You were replying to my message that mentioned Sakharov. In that message, I was dealing with the naive materialism of another poster.
I thought he was pretty naive too.

I have already explained why this argument is irrelevant. We might as well discuss creativity in sexual perversions, if any creativity is fine by you.
You need to express yourself more clearly, then. When you ask 'How was creativity disallowed in the USSR?' (not 'economic creativity'), you leave yourself open to attack from all quarters.

Nope. The premiere was on 16-Feb-1936.
I never said they were kept off the stage altogether during the 30s.

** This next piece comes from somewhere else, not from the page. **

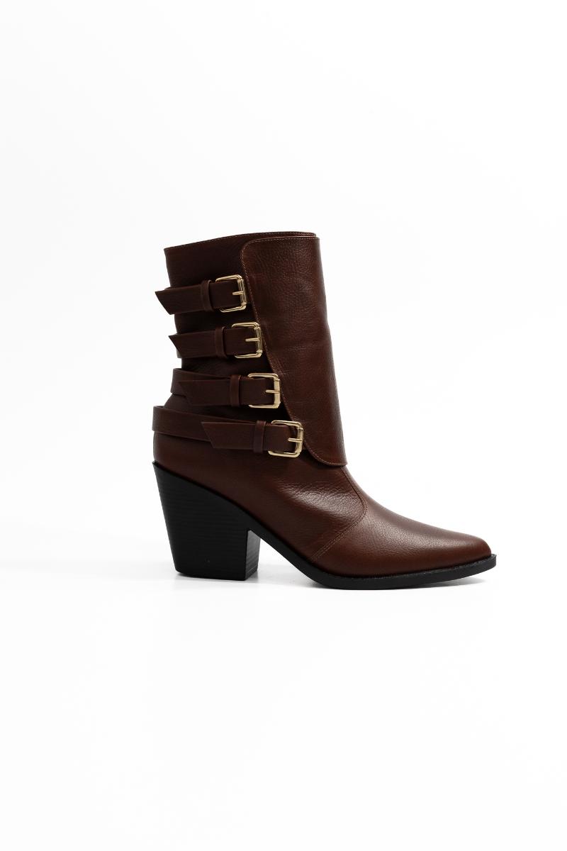 Não tem como passar despercebida com essa bota! O salto bloco e o couro texturizado garantem presença, enquanto as quatro fivelas douradas trazem aquele toque ousado que faz toda a diferença.

Moliere was refused a performance licence in March 1930, and although it did appear in February 1936, it was cancelled on 9 March of the same year. After six years, it lasted three weeks. As with much Soviet censorship in the 1930s, Bulgakov's persecution was largely determined by Stalin's whims. Like a cat with a mouse, really.

Have you actually read them? I have, and they don't impress me all that much. "Adam and Eve" is particularly bad.
Oh, I see, you don't like them. Well, I take it all back. They were rightly suppressed.

What sort of argument is that?

So they were published in the end.
After some thirty years of refusal. That sort of lag hardly makes for a vibrant literary scene, does it?

What about creativity in child pornography? It was the law, get over it.
What is this fixation on sexual deviancy? And what was so odious about Bulgakov's work to make the comparison worthwhile?

She should have chosen better time for that. As if there had not been anything more important for the USSR in 1939-1941, when WWII was raging.
Stalin was particularly busy in that period, what with signing pacts with Fascists and having his fingers in his ears the rest of the time.

Anyway, that's a cheap shot and beside the point. From Tsvetaeva to Berdyaev and the Nabokovs, great people left (or were forced out) in droves. Russia under both Ulyanov and Dzhugashvili was, regardless of its more serious atrocities, a climate deeply hostile to creativity.

Explain what?
The 'ideology' of human rights, perhaps?